Take it in, thank them, and know they are not alone

When one of your clients comes to you with a complaint, it’s easy to get defensive. It’s easy to explain it away and believe that this situation is the exception rather than the rule. Unfortunately, that complaining client probably represents many other clients who feel the same way.

It’s important that you listen to what the client has to say. It’s important that you recognize that clients feel the way they feel, regardless of whether or not you’re in the right.

The fact that you have a great explanation, a great excuse, or that they misunderstood or misinterpreted doesn’t change the reality of the damage they’re doing to your reputation. You have to listen. You might even learn something.
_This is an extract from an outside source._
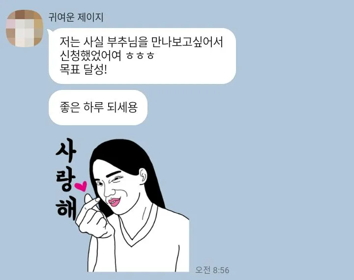 새벽 운동을 하고 일찍 출근해서 책을 읽거나 글을 쓰면 기분이 좋은 반면 다소 늦게 출근하는 날은 뭔가 시간을 낭비한 기분이 들었다. 그러나 그만큼 더 꿀잠을 잤고, 간단히 아침도 해결했으며 짧은 강의를 틀어놓은덕분에 영감도 얻었다. 그럼에도 불구하고 날씨의 탓인지, 기침이 자꾸 나와서인지 어깨가 축 처져있었는데 뜬금없는 이 카톡이 나를 웃게 만들었다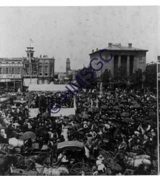 | Accession Number:1999-42-2 Accession Date: Condition:good Location:archives,photo coll.,public square,box 4,folder 9 Keywords:public square, Greene Couty Courthouse, Christian Church, College St., Civil War Reunion, Lyon monument, Caskey Dry Goods, clock Area of Origin:Springfield, MO Period:1883 Category:Documentary Artifact Object:Print, photographic Maker:uk Description/History:Black and white photo of the 1883 Civil War veteran's reunion on the public square. A large crowd is gathered around a reviewing stand. The Lyon monument is visible to the left of the stand wrapped in a flag. Looking west towards College St. News-Leader Photo Information: |

Keep in mind that the complaining client is a representative of all the others who lack the willingness to tell you what they’re thinking. You’re getting feedback not just from the complainer, but also from all of your other upset clients who are afraid to tell you what they think. Be thrilled that the complaining client is willing to step forward and give you valuable feedback. Be grateful that the complaining client is bold, like you.

Instead of responding with defensiveness, listen and accept the feedback. The client’s reality is the reality that matters, and you’ve got to take action to correct the situation. It’s important, however, that you do more than correct the situation for the complaining client. You’ve got to correct the situation for all of your clients–both the complainers and the silent majority.

When you’re lucky enough to have a client complain, be thankful. Literally, thank them. Take their input to heart and express gratitude for the feedback. Whether or not they are right is irrelevant. What matters is that you’re getting input from the people who pay your bills. You’re fortunate to be getting what you’re getting, even if it doesn’t feel like it in the moment.